- Le licenciement ouvre-t-il droit au chômage en 2026 ?
- Oui, le licenciement (économique ou personnel) et la rupture conventionnelle ouvrent droit à l'ARE. La démission ne donne pas droit au chômage sauf démission pour projet professionnel validée par France Travail.
- Peut-on débloquer son PER en cas de chômage ?
- Oui, le PER peut être débloqué en cas d'expiration des droits à l'assurance chômage (fin de droits). C'est l'un des 6 cas de déblocage anticipé prévu à l'article L224-4 du Code monétaire et financier.
- Combien de temps la mutuelle d'entreprise reste-t-elle gratuite après licenciement ?
- La portabilité est gratuite pendant 12 mois maximum ou la durée d'indemnisation chômage si inférieure. C'est automatique, aucune démarche n'est nécessaire (article L911-8 du Code de la sécurité sociale).
- Peut-on cumuler l'ARE avec une activité freelance ou auto-entrepreneuriale ?
- Oui. L'ARE est maintenue mais réduite de 70 % des revenus d'activité.

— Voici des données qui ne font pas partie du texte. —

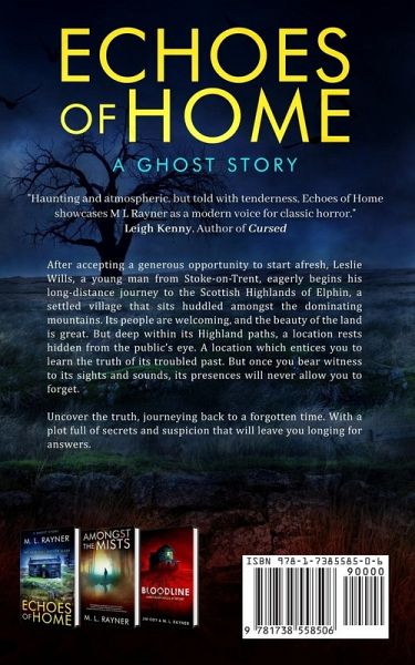 "Dripping with atmosphere and a mounting sense of dread, Echoes of Home delivers all the chills of a classic ghost story." Sammy Scott, Author of At Home with the Horrors & BETA ¿¿¿"Haunting and atmospheric, but told with tenderness, Echoes of Home showcases M L Rayner as a modern voice for classic horror." Leigh Kenny, Author of Cursed ¿¿After accepting a generous opportunity to start afresh, Leslie Wills, a young man from Stoke-on-Trent, eagerly begins his long-distance journey to the Scottish Highlands of Elphin, a settled village that sits huddled amongst the dominating mountains. Its people are welcoming, and the beauty of the land is great. But deep within its Highland paths, a location rests hidden from the public's eye. A location which entices you to learn the truth of its troubled past. But once you bear witness to its sights and sounds, its presences will never allow you to forget. Uncover the truth, journeying back to a forgotten time. With a plot full of secrets and suspicion that will leave you longing for answers.

Il faut déclarer ses revenus mensuellement à France Travail.
- Quel est le montant minimum de l'ARE en 2026 ?
- Le montant minimum de l'ARE est de 31,97 € par jour au 1er juillet 2026, soit environ 959 € par mois pour 30 jours d'indemnisation.
- La démission ouvre-t-elle droit au chômage ?
- En principe non. Sauf cas de démission légitime (déménagement suite à mariage, harcèlement moral, non-paiement du salaire) ou démission pour projet professionnel validée par France Travail après 5 ans d'ancienneté.